Where Is myapple.com? Apple's Need For An Internet Strategy
August 2nd, 1999

I'm hiding out deep in a central Texas juniper forest at the edge of a cool, clear swimming hole. The sky above is a rare combination of clouds towering like piles of cotton balls, and a blue so dense I could only be lost in Texas. I'll be brief, as the bass fish await my hook and line.

Apple needs to develop a serious Internet strategy!

QuickTime TV and the supercharged Sherlock for OS 9, announced at MACWORLD, are obviously steps in the right direction. Last week, Steve Jobs worked a deal with AOL to link Instant Messenger to your Mac. It's important for Apple to provide state-of-the-art content delivery technology for the Mac platform, but there is a non-techie, touchy-feely, relationship building approach to the Internet that Apple has ignored.

Internet marketing theory is really a very simple beast. It's about connecting people together and actualizing relationships that, pre-net, were underutilized, dormant or nonexistent. Apple needs to take a good look at some of its PC peers and perhaps even 'steal' their clever ideas on how to cheaply build communities of end users on the Internet. No need to reinvent the wheel (at least at first), merely emulating the success of Dell's and now Gateway's online presence would fill a glaring gap in Apple's marketing strategy.

If Gateway can become an Internet service provider with 400,000 subscribers who find a sense of belonging at their gateway.net portal, Apple must be sitting on a gold mine of untapped potential. Mac users, the most loyal group of computer users on this planet, would drop their generic portals like hot potatoes to join a 'myapple.com' service. Apple could jump-start an Apple ISP by bundling a year's free subscription with all new iMacs and iBooks.
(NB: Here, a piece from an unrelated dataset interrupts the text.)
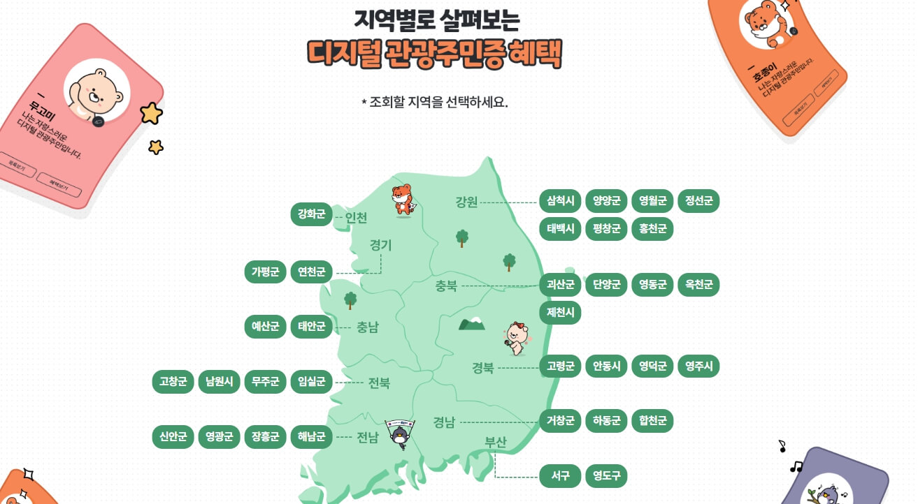 현재 총 34개 지역에 디지털 관광주민증을 발급받고 여행하면 혜택을 받을 수 있습니다.

As the Wall Street Journal blithely points out, "If it can sustain the current growth rate, Gateway could have three million Internet subscribers by the end of 2000, making it the second-largest Internet service provider after America Online." If you were wondering why GTW was up over 30 percent in the last month, there you have it. Gateway, a real world PC box assembly line, is morphing into an Internet virtual force to be reckoned with. In fact, rumors abound that Gateway is looking to acquire a big Internet service provider such as EarthLink Inc. so they don't have to rely entirely on UUnet (owned by Worldcom Inc.) for their backbone connection to the Internet.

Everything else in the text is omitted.